Although preferred exemplary embodiments are shown and described in detail in the drawings and in the preceding specification, they should be viewed as purely exemplary and not as limiting the invention. It is noted that only preferred exemplary embodiments are shown and described, and all variations and modifications that presently or in the future lie within the protective scope of the invention should be protected.

Claims

1. A device to clean a component of deposits, comprising:

at least one first nozzle unit positioned to spray a fluid at an angle onto a surface of the component that is to be cleaned and which is provided opposite a border region of the surface of said component that is to be cleaned; and

at least one second nozzle unit that generates a flow of a gaseous medium over the surface to be cleaned and which is provided adjacent to an edge of the border region of the surface of the component that is to be cleaned.

2. The device according to claim 1 wherein the flow from the gaseous medium with a mixture of fluid and deposits removed from the surface to be cleaned strikes a capture unit arranged after the surface to be cleaned as viewed in a flow direction of the gaseous medium.

3. The device according to claim 2 in which the capture unit has a perforated plate at which the mixture strikes, and the perforated plate having holes of such a size that at least a portion of the mixture passes through the holes.

4. The device according to claim 3 in which the perforated plate is used in a deflection plate with which the perforated plate forms a container at which the mixture portion strikes passing through the perforated plate.
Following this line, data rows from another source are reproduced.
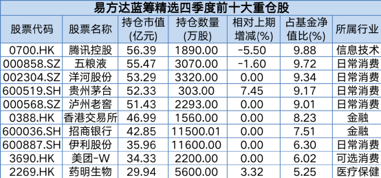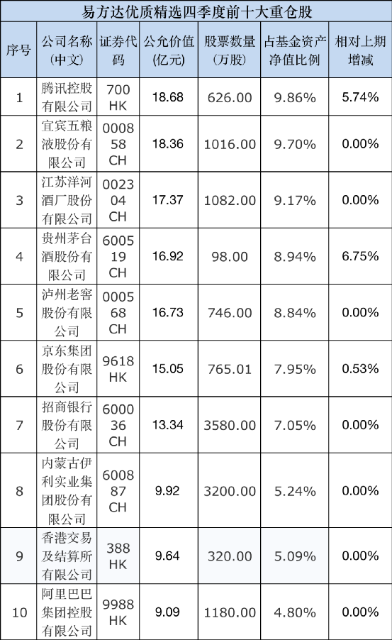 从易方达蓝筹精选四季度末持仓上看,前十大重仓股一股未变,腾讯控股晋升其第一大重仓股,五粮液、洋河股份成为其第二、第三大重仓股,而在去年三季度末,该基金前三大重仓股依次是泸州老窖、贵州茅台、五粮液。
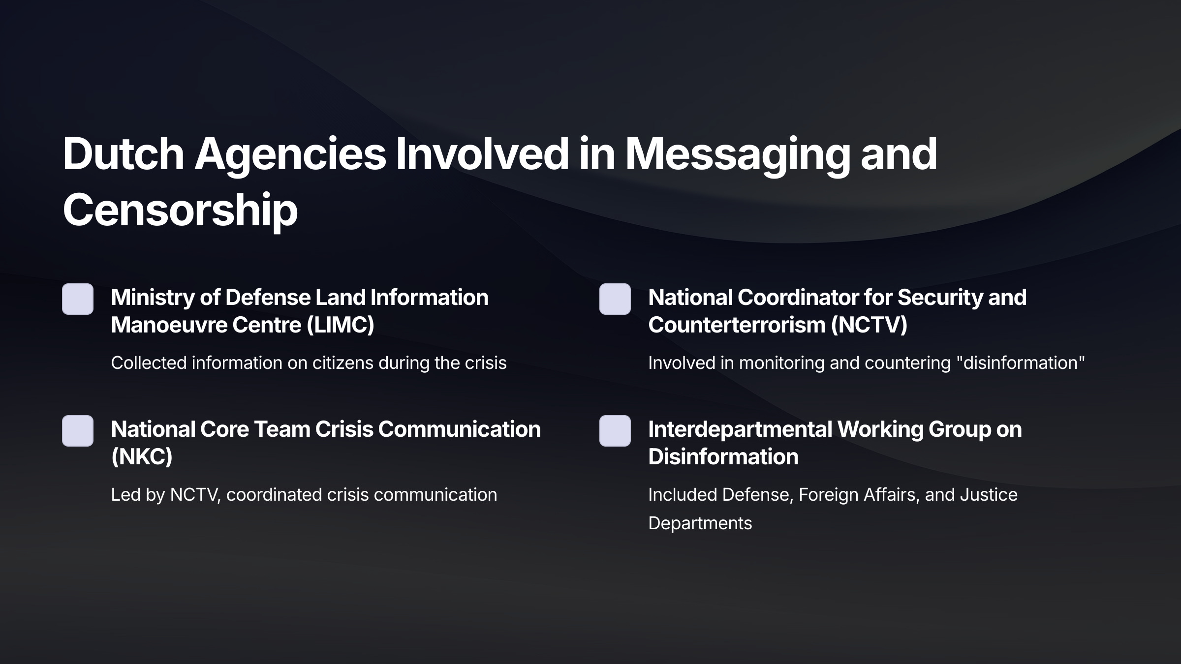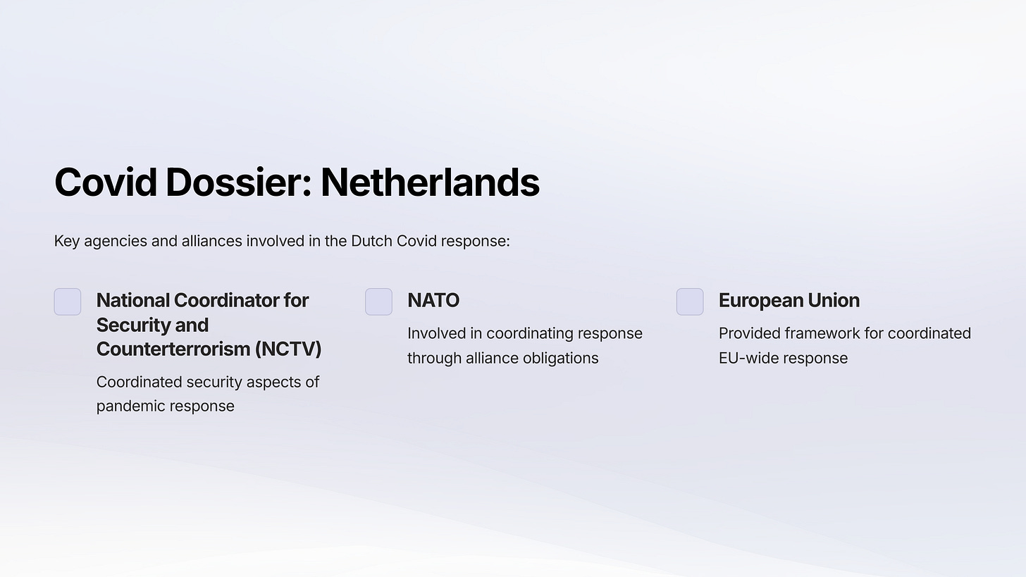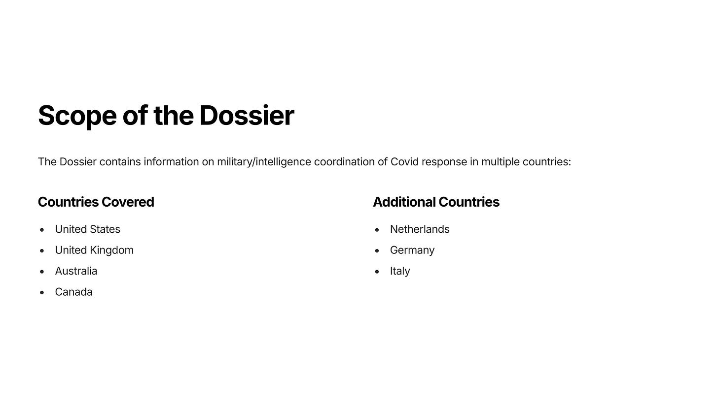 The Dossier contains information regarding the military/intelligence coordination of the Covid biodefense response in the U.S., U.K., Australia, Canada, the Netherlands, Germany, and Italy. For some countries we have extensively documented information. For others, we have some documentation of military/intelligence involvement, but not all the details.
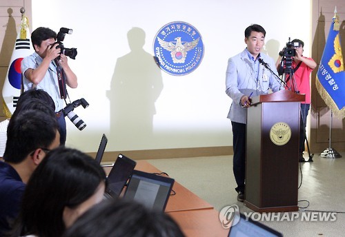 | △ '국정원 직원 차 진위 논란' 브리핑 (수원=연합뉴스) 류수현 기자 = 23일 오후 경기도 수원시 경기지방경찰청에서 윤세진 과학수사계장이 '국정원 직원 차 바꿔치기 논란'에 대한 입장을 발표하고 있다. |
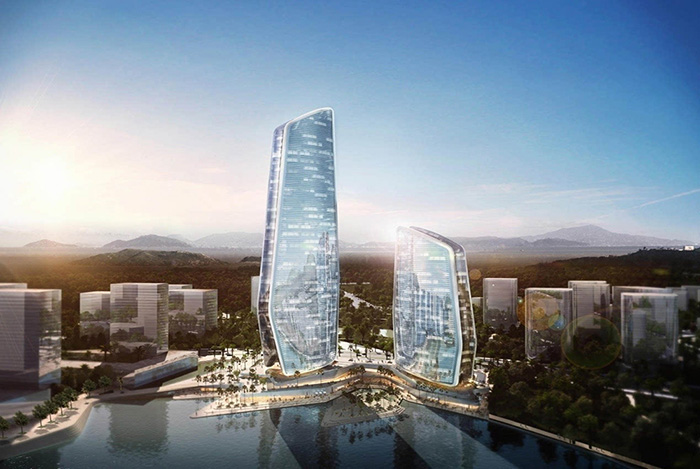 項目位于金灣西湖片區(qū)啟動區(qū),山湖海路南側(cè),金鑫路西側(cè)。總建筑面積約171736.28平方米,呈“雙子塔”建筑群。其中,1#塔樓建筑高度約186米,共41層,建筑面積約8萬平米;2#塔樓150米,共39層,建筑面積約2.8萬平米。塔樓規(guī)劃功能包括國際標(biāo)準(zhǔn)甲級寫字樓、五星級酒店、商業(yè)配套設(shè)施等。
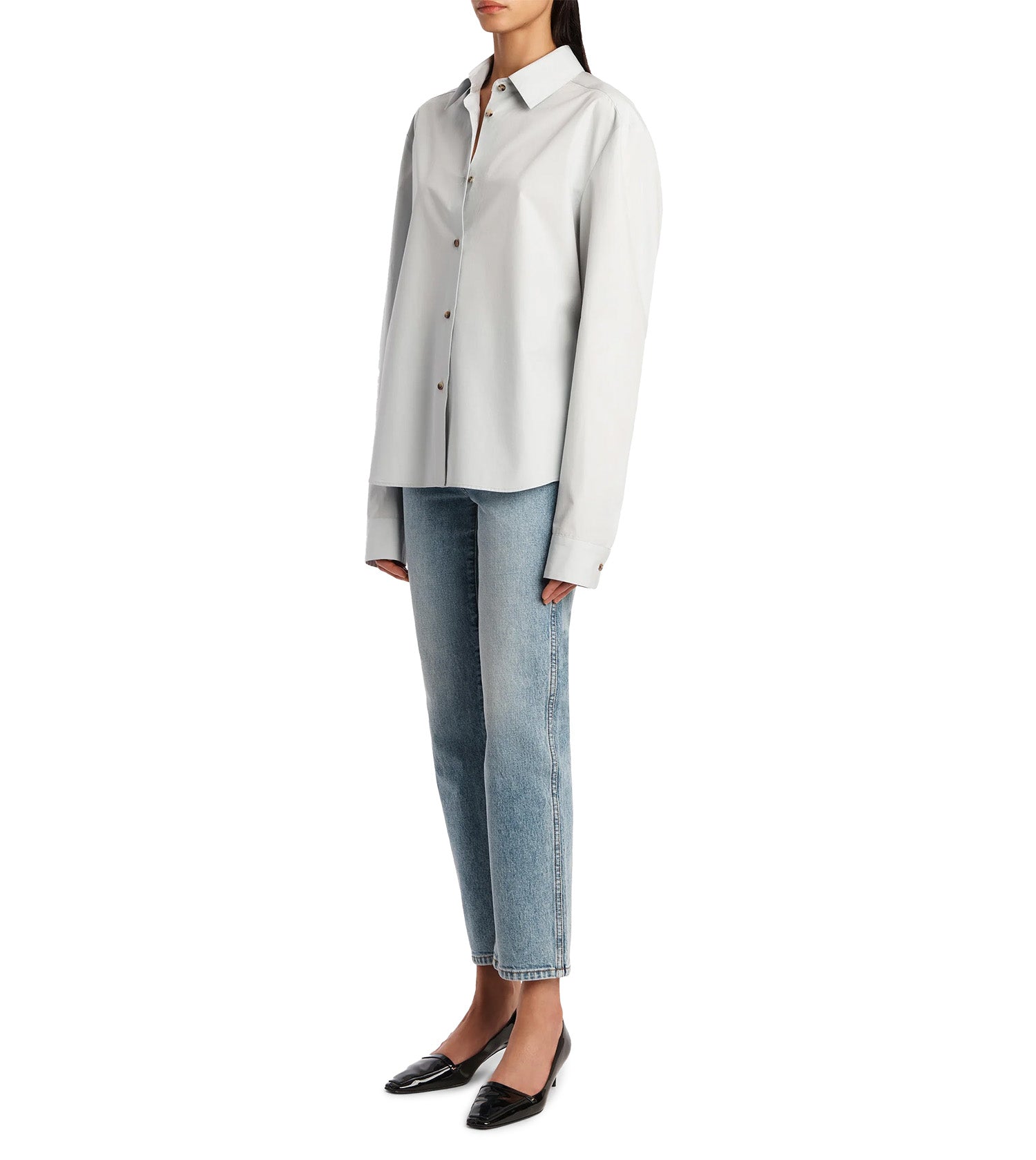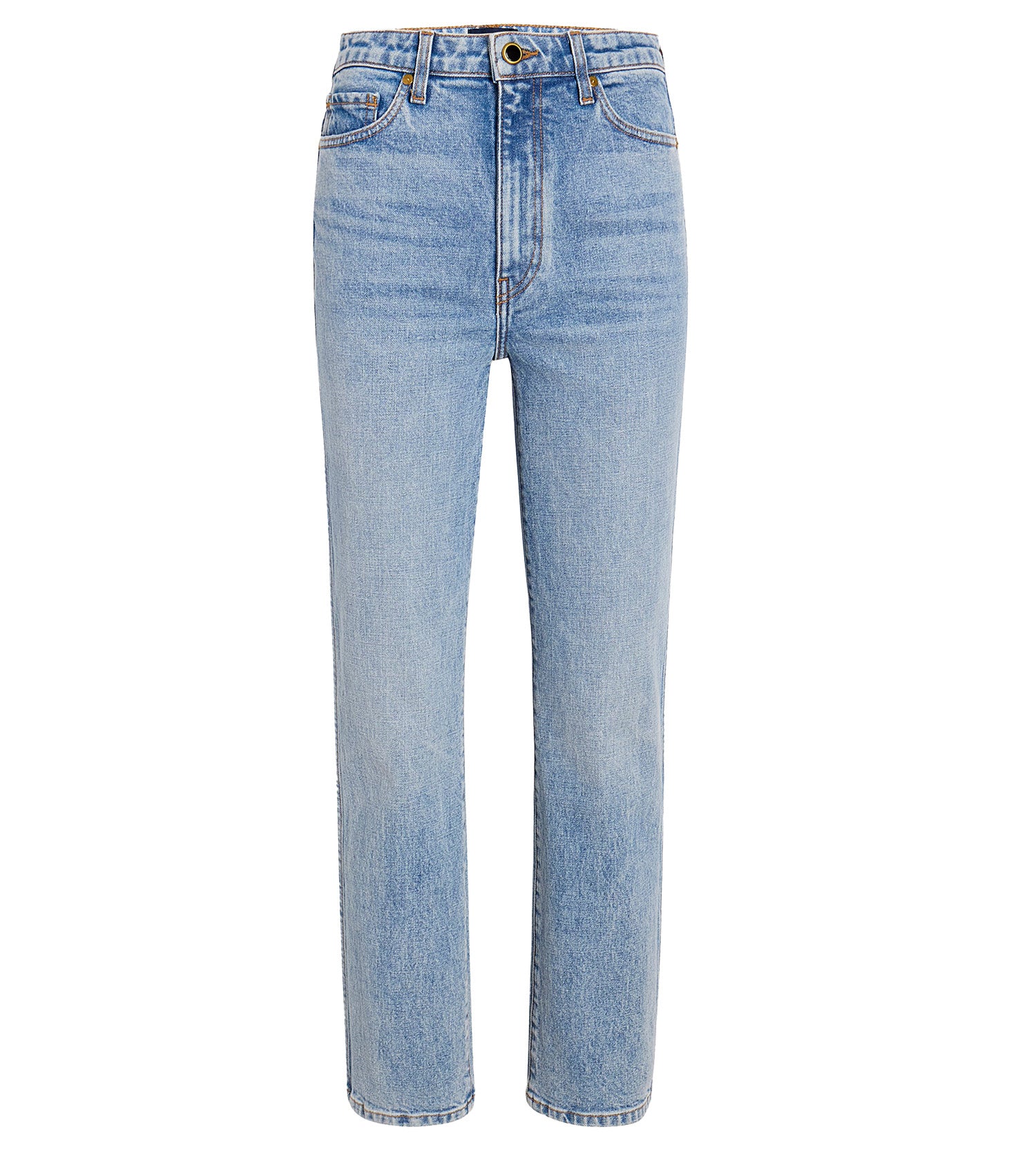 Khaite Abigail Jean/Bryce Stretch. A cropped length balances a high rise, creating fresh and flattering proportions with classic straight-leg styling and hand finishing.
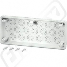 | Nízkonapetový rozvádec zapouzdrený izolacním materiálem jako skrínový systém, "typove zkoušená kombinace rozvádecu" TSK podle IEC 60 439 -1 k montáži na stenu. Skríne musí být vhodné k montáži do venkovního prostredí, je treba respektovat klimatické vlivy a dopady na provozní prostredky. Spodní cásti a víko skríne z odolného polykarbonátu, bez halogenu a silikonu barva RAL 7032, víko pruhledné s rychlouzávery pro ovládání nástrojem. Požární odolnost podle DIN VDE 0471 cást 2 zkouška žhavou smyckou 960°C. Maximální absorpce vody 10 mg podle DIN 53473. Ochranné opatrení: S ochrannou izolací (trída ochrany II). Výrobek: HENSEL Mi-rozvadec. Montážní príruba Mi FM 25, 19 x M 16/25, pro stenu skríne 300 mm |
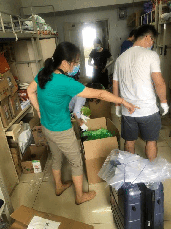 徐芳、杨向鹏、王亚男、朱书涵等同志在新冠疫情导致员工无法返校的情况下,亲自帮员工打包行李并寄出。
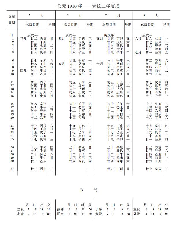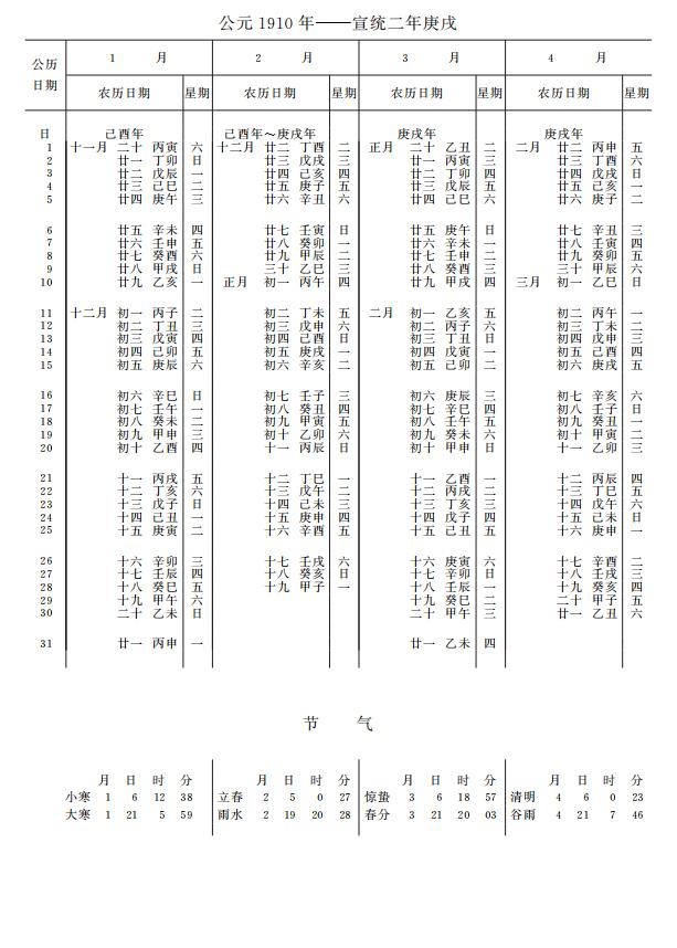 紫金山天文台万年历1910年电子版,新编万年历之1910年(庚戌狗年)

5. The device according to claim 4 in which the container has at at least one end at least one first strip curved at a distance from the perforated plate, said first strip being designed such that portions of said mixture rebounding from the perforated plate strike the strips.

6. The device according to claim 5 in which a second, more narrow strip is provided adjacent and parallel to the first strip, said second strip partially overlapping the first strip and being designed such that mixture portions rebounding from the first strip strike the second strip.

7. The device according to claim 1 in which the first nozzle unit is arranged relative to the surface to be cleaned such that the fluid strikes the surface to be cleaned at an angle if 90°.

8. A method to clean a component of deposits, comprising the steps of:

providing at least one first nozzle unit positioned to spray a fluid at an angle onto a surface of the component that is to be cleaned and which is provided opposite of a border region of the surface of said component that is to be cleaned;

providing at least one second nozzle unit that generates a flow of a gaseous medium over the surface to be cleaned and which is provided adjacent to an edge of the border region of the surface of the component that is to be cleaned;

with the first nozzle unit spraying said fluid at said angle onto said border region;

generating said flow of said gaseous medium over said surface to be cleaned with said second nozzle unit; and

adjusting and directing said flow of the gaseous medium generated by the second nozzle unit such that the fluid is distributed only over the surface to be cleaned during a cleaning interval.

9. The method according to claim 8 in which:

the first nozzle unit is deactivated in a drying interval following the cleaning interval; and

the flow of the gaseous medium that is generated by the second nozzle unit is adjusted and directed such that the mixture of the fluid and the deposits loosened at the surface to be cleaned is removed from said surface to be cleaned, and the surface to be cleaned is dried

10. The method according to claim 9 in which a strength of the flow of the gaseous medium with which the fluid is distributed over the surface to be cleaned is set different than a strength of the flow of the gaseous medium with which the removal of the mixture from the surface to be cleaned and a strength of the flow of the gaseous medium for the drying of the surface to be cleaned.

11. The method according to claim 8 in which the second nozzle unit is activated and deactivated clock period by clock period in the cleaning interval.